Exercise directions
At the line that holds "The game offers", start repeating, and keep going exactly through the final line of the material; include both ends and skip the pictures.

━━━ Data below ━━━

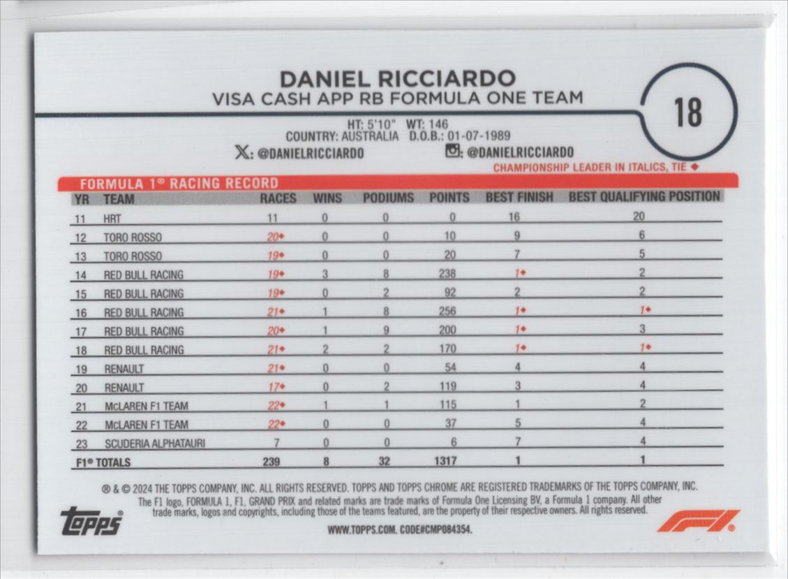 #18 2024 ) Daniel Ricciardo Visa Cash App RB Formula One
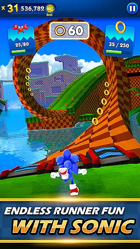 The game offers a twist on traditional endless runner mechanics with the inclusion of familiar zones like Green Hill Zone, known for its loop de loops and corkscrews. Players can relive the nostalgia of classic Sonic levels while enjoying the fast-paced action that defined SEGA's original arcade hits.
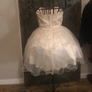 champagne dress with an accessorized top can be worn as a homecoming dress, once a size 3/4 altered to a size 2, worn once
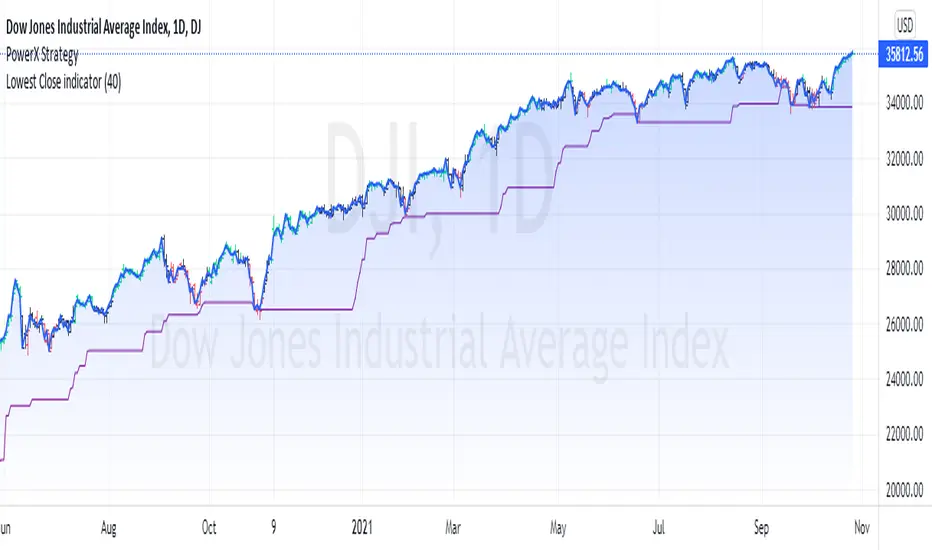 Plots the lowest close in last 40 bars. On a daily chart , that's about 8 weeks.

━━━

Task answer
 The game offers a twist on traditional endless runner mechanics with the inclusion of familiar zones like Green Hill Zone, known for its loop de loops and corkscrews. Players can relive the nostalgia of classic Sonic levels while enjoying the fast-paced action that defined SEGA's original arcade hits.
 champagne dress with an accessorized top can be worn as a homecoming dress, once a size 3/4 altered to a size 2, worn once
 Plots the lowest close in last 40 bars. On a daily chart , that's about 8 weeks.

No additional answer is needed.